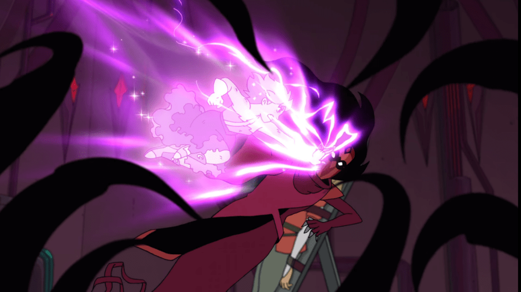 It’s a pyrrhic victory, as they retake the sword and the captives, but lose Entrapta, and also Glimmer can’t seem to use her powers anymore.
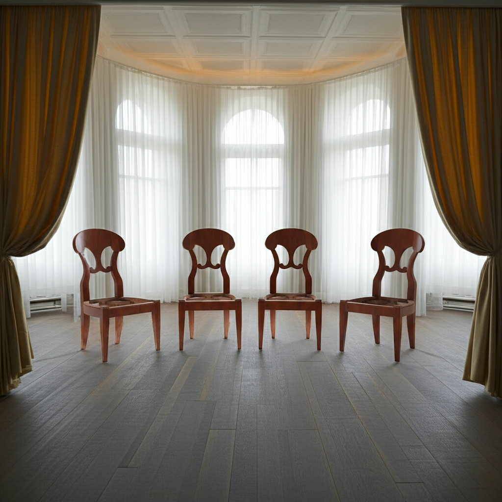 - Descrizione: Splendido set composto da quattro sedie in stile Biedermeier, autentiche testimoni dell’eleganza sobria e raffinata tipica della prima metà dell’Ottocento. La sedie sono state accuratamente restaurate rispettando i canoni stilistici originali, preservando la patina e la bellezza del legno. Realizzate in legno massello con impiallacciatura in noce, si distinguono per le linee pulite e armoniose, lo schienale sagomato e le gambe rastremate, elementi che conferiscono leggerezza visiva e un’eleganza intramontabile. La finitura naturale mette in risalto la calda venatura del noce, esaltandone la nobiltà e la profondità cromatica. Su richiesta, è possibile personalizzare le sedute con un’imbottitura realizzata dal nostro tapezziere di fiducia, scegliendo tra una selezione di tessuti pregiati per ottenere un risultato raffinato e confortevole. Contattaci e sarà nostra cura inviare le campionature dei vari tessuti e il prezzo è da concordare.
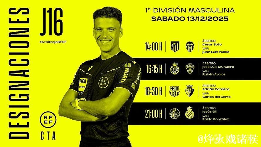 本周末西班牙足球再度迎来密集赛程,西甲联盟也在赛前敲定了新一轮焦点战的裁判安排,其中最受关注的莫过于巴塞罗那坐镇主场迎战奥萨苏纳的比赛。据官方公布,本场比赛将由西班牙本土知名裁判科尔德罗(Corder
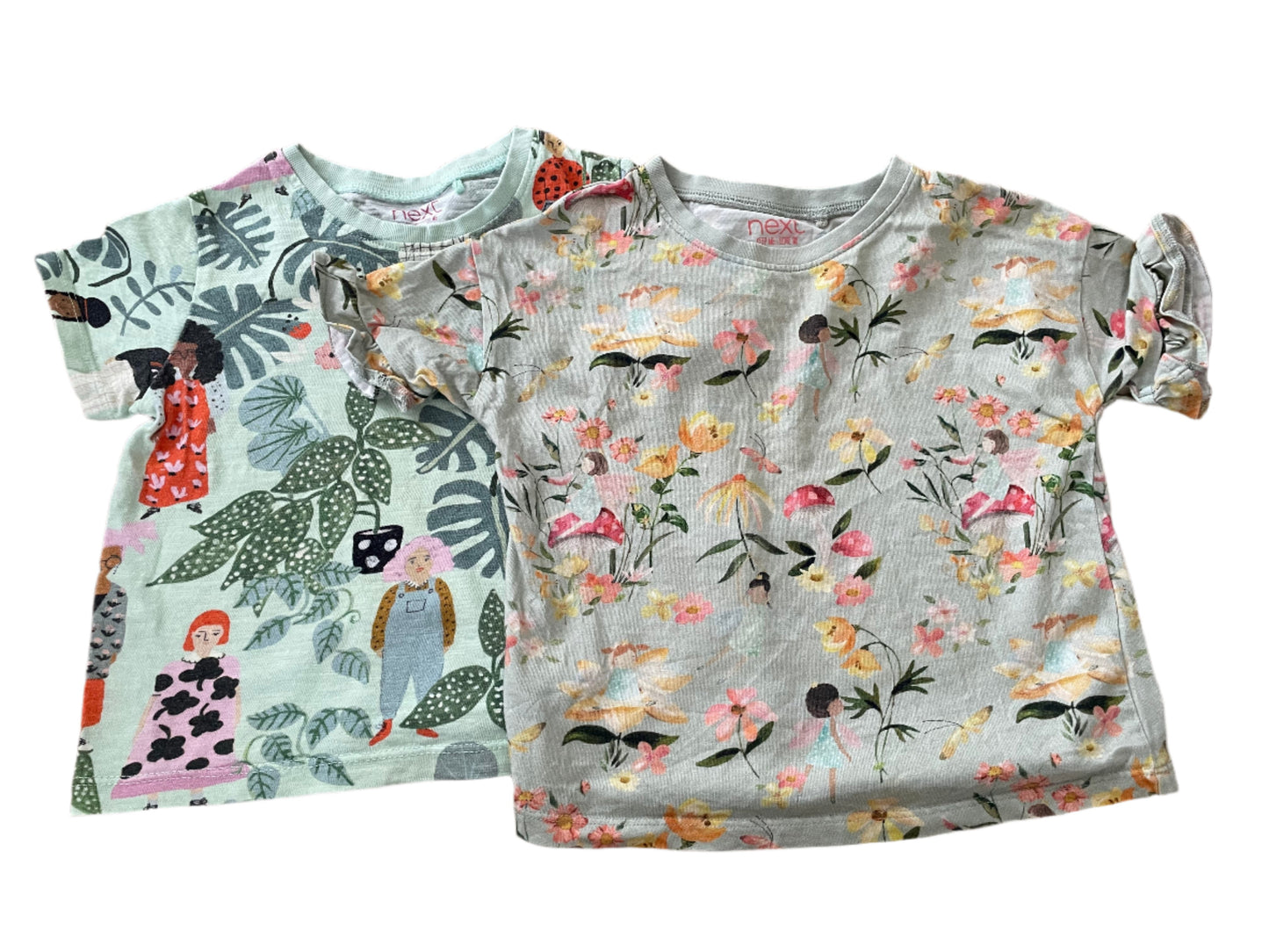 Twee T-shirts met korte mouwen, één T-shirt heeft twee ruches op de mouwen. Maat 92 (18 - 24 maanden) 100% katoen van Next babies

What to do:
Could the material above be written out again word for word, with the pictures dropped?

Task output:
 It’s a pyrrhic victory, as they retake the sword and the captives, but lose Entrapta, and also Glimmer can’t seem to use her powers anymore.
 - Descrizione: Splendido set composto da quattro sedie in stile Biedermeier, autentiche testimoni dell’eleganza sobria e raffinata tipica della prima metà dell’Ottocento. La sedie sono state accuratamente restaurate rispettando i canoni stilistici originali, preservando la patina e la bellezza del legno. Realizzate in legno massello con impiallacciatura in noce, si distinguono per le linee pulite e armoniose, lo schienale sagomato e le gambe rastremate, elementi che conferiscono leggerezza visiva e un’eleganza intramontabile. La finitura naturale mette in risalto la calda venatura del noce, esaltandone la nobiltà e la profondità cromatica. Su richiesta, è possibile personalizzare le sedute con un’imbottitura realizzata dal nostro tapezziere di fiducia, scegliendo tra una selezione di tessuti pregiati per ottenere un risultato raffinato e confortevole. Contattaci e sarà nostra cura inviare le campionature dei vari tessuti e il prezzo è da concordare.
 本周末西班牙足球再度迎来密集赛程,西甲联盟也在赛前敲定了新一轮焦点战的裁判安排,其中最受关注的莫过于巴塞罗那坐镇主场迎战奥萨苏纳的比赛。据官方公布,本场比赛将由西班牙本土知名裁判科尔德罗(Corder
 Twee T-shirts met korte mouwen, één T-shirt heeft twee ruches op de mouwen. Maat 92 (18 - 24 maanden) 100% katoen van Next babies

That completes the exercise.